Trump refuses to attend second Presidential debate

GEORGE FREY / AFP

U.S. President Donald Trump will resume in-person campaigning on Saturday after being sidelined by a case of COVID-19, but a debate next week against his presidential election opponent Joe Biden was canceled because Trump refused to participate.

Trump will address a crowd of supporters on Saturday from a White House balcony on a "law and order" theme, an administration official said. A source familiar with the planning for the event said the crowd could be in the hundreds, and all were expected to wear masks.


Then the Republican president will travel on Monday to central Florida, a state crucial to his hopes of winning a second term in the Nov. 3 election.
He will stage his first campaign rally since his coronavirus diagnosis at an airport in the town of Sanford. The campaign did not disclose if it would be held in a hangar with doors open, as it has in the past, or entirely outside.


As the president prepared to return to the trail, the body that oversees presidential debates said the match-up between Trump and Biden, the Democratic candidate, scheduled for Oct. 15 had been formally canceled.


Trump refused to participate in what was supposed to be the second of three debates with Biden after the Commission on Presidential Debates switched it to a virtual contest in the wake of the president's illness.


The final debate on Oct. 22 is still set to take place.


Questions remain about whether Trump, who announced on Oct. 2 he had the virus and spent three nights in a military hospital, is still contagious.
The illness has kept him from holding public rallies and attending fundraisers at a critical juncture of the campaign. He trails Biden in opinion polls with just weeks to go before the election.


Attendees at the Florida rally will be given a temperature check, masks that they will be encouraged to wear and access to hand sanitizer, the campaign said.


Biden sharply criticized Trump's decision to resume campaigning. "Good luck. I wouldn’t show up unless you have a mask and can distance,” he told reporters in Paradise, Nevada. Trump and his administration have faced criticism for their handling of the pandemic, as well as for a lax approach to mask-wearing and social distancing in the White House and - in recent days - confusing messages about how ill the president has been.

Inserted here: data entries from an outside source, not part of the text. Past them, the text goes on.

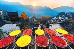挂在山崖上的篁岭古村,地无三尺平,数百年来,村民早已习惯用平和的心态与崎岖的地形“交流”。自然条件的局限却激发了先民的想象和创造力,从而在无意间造就了一处中国绝无仅有的“晒秋人家”风情画。篁岭古村数百栋徽派古民居在百米落差的坡面错落有序排布,每当日出山头,晨曦映照,整个山间村落饱经沧桑的徽式民居土砖外墙与晒架上、圆圆晒匾里五彩缤纷丰收果实组合,绘就出世界独一无二的“晒秋”农俗景观、最美的乡村符号。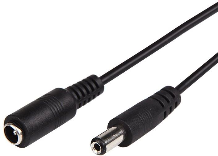 Удлинитель кабеля питания 1,5 метра. Используется для удлинения кабеля питания видеокамер, светодиодных лент и т.п. С одной стороны шнура находится штекер питания, с другой стороны гнездо питания. Основные характеристики: Тип разъема: гнездо 2,1*5,5 мм / штекер 2,1*5,5 мм; Длина: 1,5 м; Цвет: черный.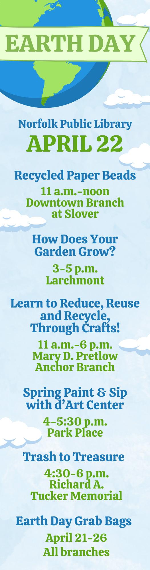 It’s with great pleasure that I get to share with you all that Norfolk Public Library’s resolution going into the new year is to continue creating a City of Learners! And one of the best ways to do that is to keep you all informed about the fun, free innovative programming you can find throughout this event guide and at a branch location near you.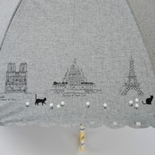 猫フェイスの型抜きヒートカット加工の裾スカラップがかわいい、人気の猫モチーフの裏ブラックコーティングの晴雨兼用傘。対面2コマにはパリの名所を巡る猫ちゃんをプリントしました! ネームバンドには猫の足あとの型押しボタン付き。持ちやすい太さの木製ハンドルには猫の焼き印付き&「猫います」シールもついてます!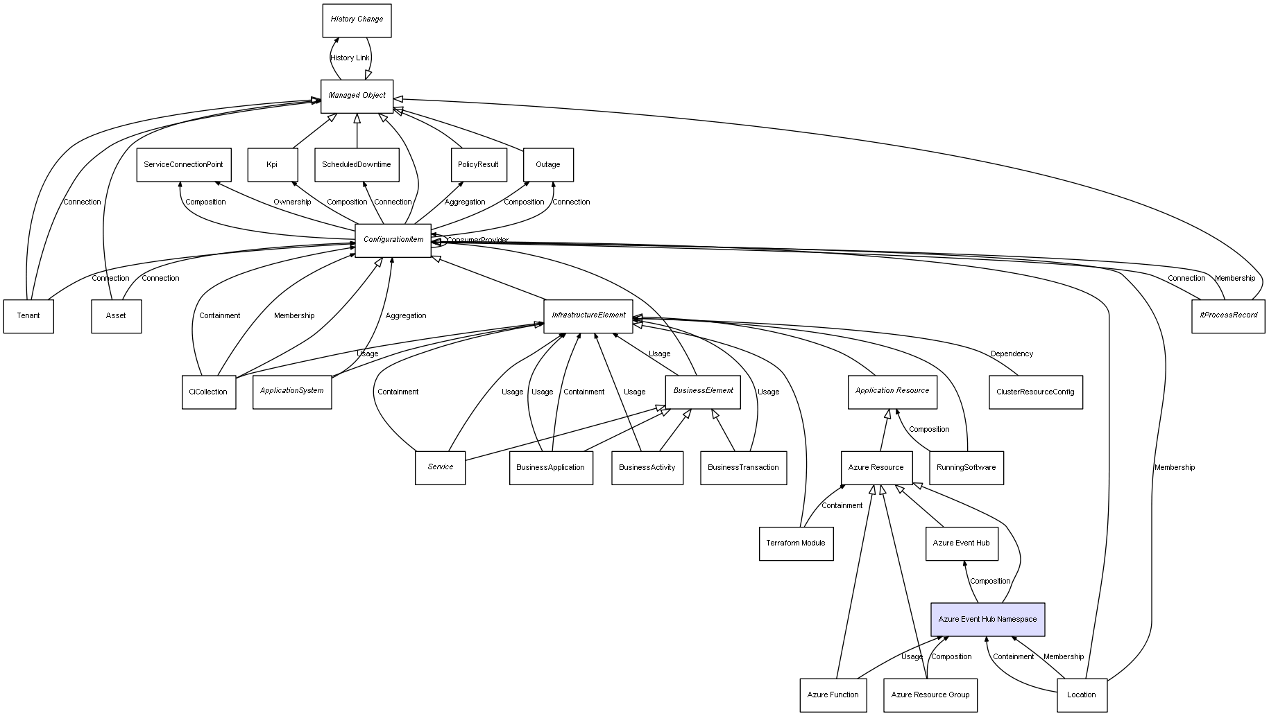 | Azure Event Hub Namespace | Azure Event Hub | Composition | Represents a relation between 2 objects where one is contained within the other, and the included object can not exist without its container. Therefore, when the container is deleted, all its contained object will be automatically removed |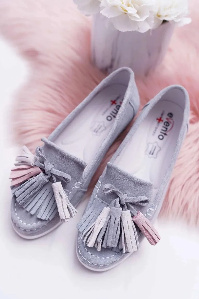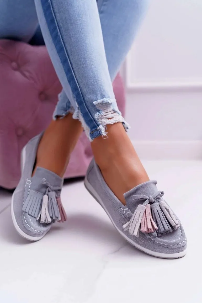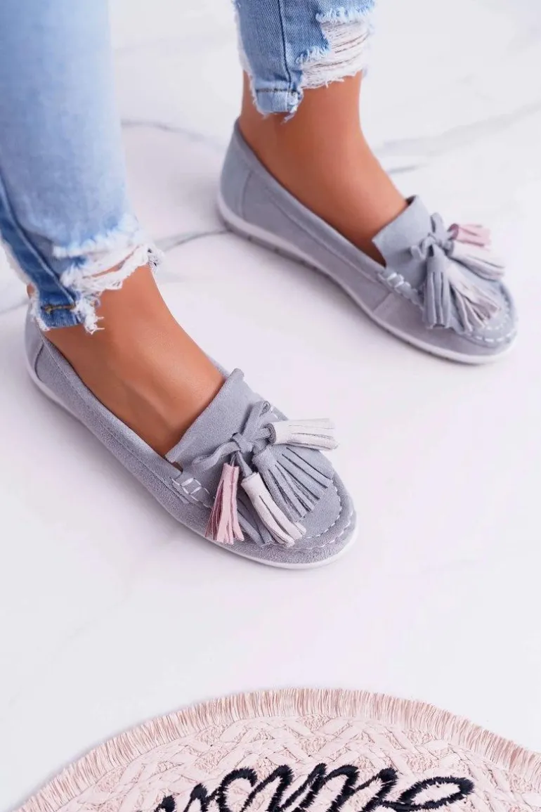 Mokasyny Damskie Skórzane Zamszowe Z Frędzlami Szare Batist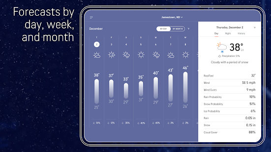 The AccuWeather forecasting and severe weather alerts you know and trust. From local weather updates to WinterCast snow alerts, get the weather forecast you can rely on. With indepth weather news, forecast updates, free weather alerts, plus today’s forecast and much more. Find out what makes AccuWeather the best as a trusted, free weather app. It’s the weather tracker you need!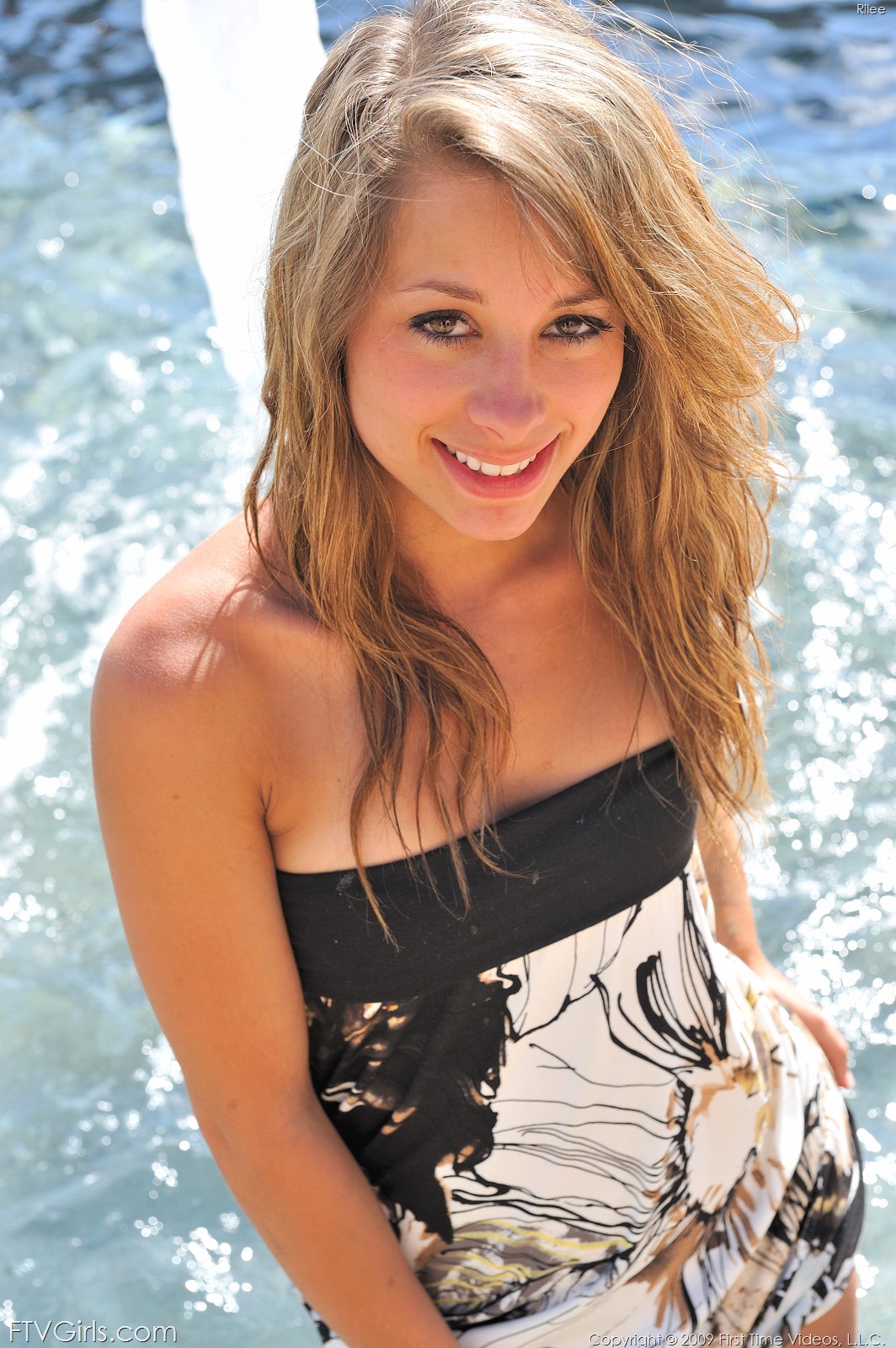 Cute Riley Jensen drops down her sexy dress and shows her beautiful naked body.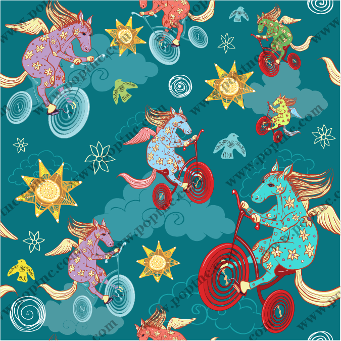 POP花型网 » 几何抽象图片马匹自行车印花矢量图服装纺织面料数码印花花型素材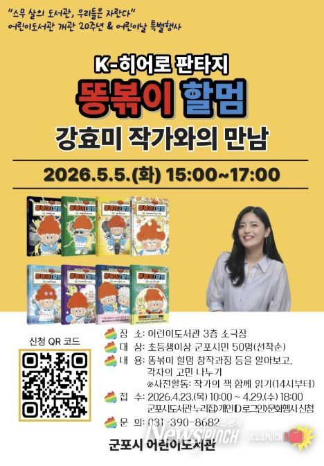 이번 행사는 “스무 살의 도서관, 우리들은 자란다”라는 주제로 2026년 5월 2일(토)부터 5월 20일(수)까지 진행되며, 군포시민 누구나 참여할 수 있다. 5월 3일(일)에는 고전동화를 줄인형으로 재해석한 가족 참여형 인형극 ‘빨간모자’가 상연되며, 5월 5일(화)에는 김선남 작가의 그림책 콘서트 ‘우리동네 나무가 건네는 노래’와 K-히어로 판타지 '똥볶이 할멈'강효미 작가와의 만남이 이어질 예정이다.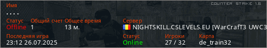 Играет на Counter Strike 1.6 сервере. Страна: РумынияПервый раз замечен 01:01 20.07.2025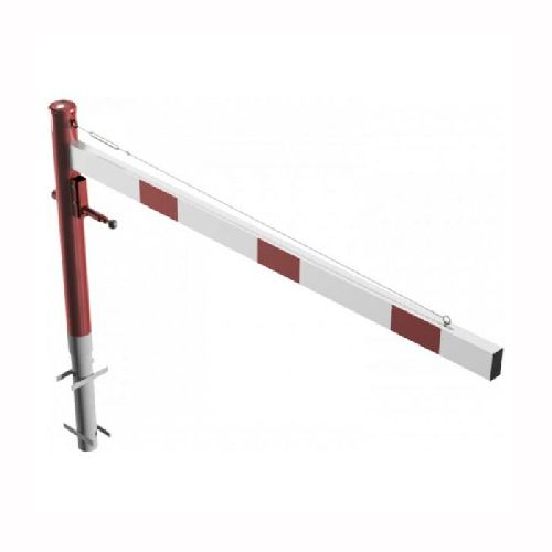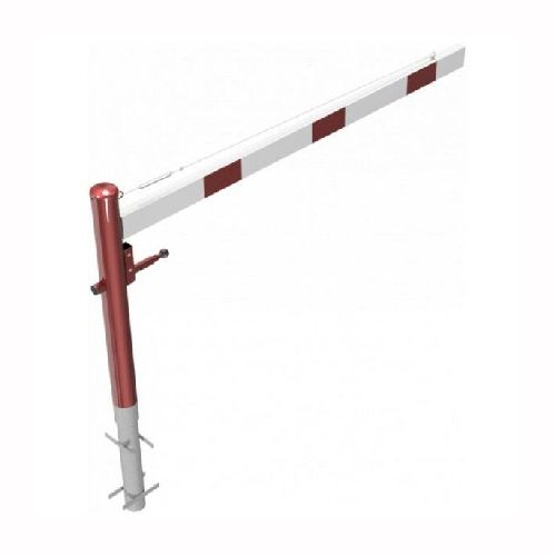 ar tapu, bloķēšana 4 pozīcijās (ik pēc 90 grādiem). Betonējama (ieteicamie betona pamata izmēri 550x550x900mm). Pieejams arī modelis, kur barjera stiprināma pie pamatnes (pēc pieprasījuma). Izmēri: horizontālās barjeras garums 2000mm, vertikālais stabs (karsti cinkots un krāsots sarkans) d=102mm, horizontālā barjera (alumīnija caurule) 100x50mm – balta ar sarkanām atstarojošām joslām, augstums virs zemes 950mm. Karsti cinkota ar baltu korpusu un sarkanām joslām. Svars: 33kg.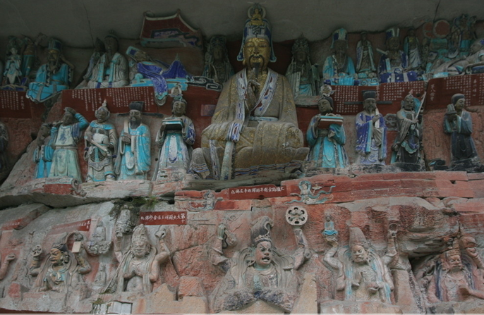 它是一個(gè)九層的遮檐,也叫“北大像”,正處在崖窟的中段,與崖頂?shù)雀?,巍峨壯觀。其木構(gòu)為土紅色,檐牙高啄,外觀輪廓錯(cuò)落有致,檐角系鈴,隨風(fēng)作響。其間有彌勒佛坐像,高35.6米,由石胎泥塑彩繪而成,是中國國內(nèi)僅次于樂山大佛和榮縣大佛的第三大坐佛。容納大佛的空間下部大而上部小,平面呈方形。樓外開兩條通道,既可供就近觀賞大佛,又是大佛頭部和腰部的光線來源。這座窟檐在唐文德元年(888年)以前就已存在,當(dāng)時(shí)為5層,北宋乾德四年(966年)和清代都進(jìn)行了重建,并改為4層。1935年再次重修,形成現(xiàn)在的9層造型。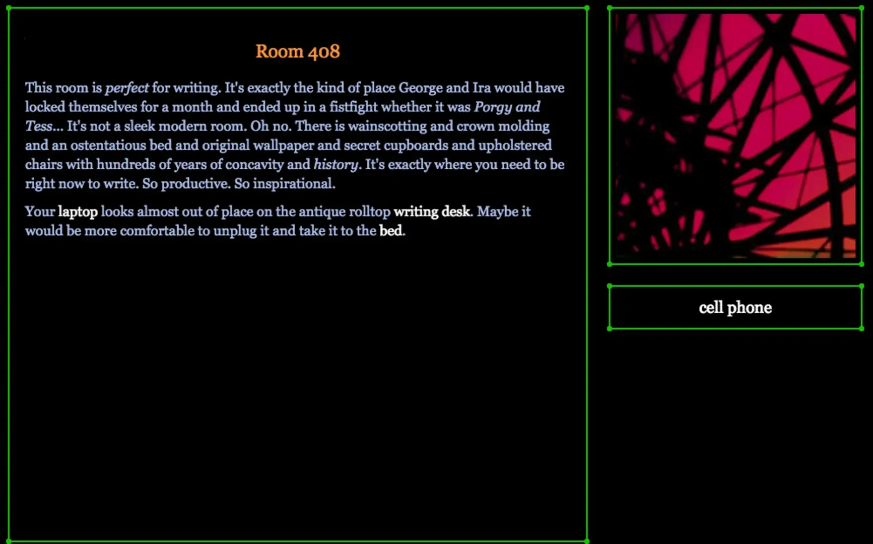 Hell, even a seagull would hit the spot right now, roasted crispy over a flame-- He immediately put all thoughts of food out of his head because at the moment it was just torture_ A work of interactive fiction by Hanon Ondricek.

At least 11 people who attended a White House event on Sept. 26 where Trump announced his nomination of Amy Coney Barrett to the Supreme Court have since tested positive.


Dr. Anthony Fauci, a member of the White House coronavirus task force, on Friday called it a "superspreader event."
"It was in a situation where people were crowded together, were not wearing masks. So the data speak for themselves," Fauci told CBS Radio.


Nine COVID-19 cases have also been linked to a Trump rally in Bemidji, Minnesota on Sept. 18, the state's health department said on Friday, according to local media.


White House spokeswoman Kayleigh McEnany said the president was eager to resume campaigning but would do so safely. "He wants to talk to the American people, and he wants to be out there," she told Fox News.
"There are medical tests underway that will ensure that when the president is back out he will not be able to transmit the virus," McEnany added.

Biden has continued to campaign during Trump's illness, spending the day in Las Vegas, Nevada, at a drive-in rally where people attended in vehicles.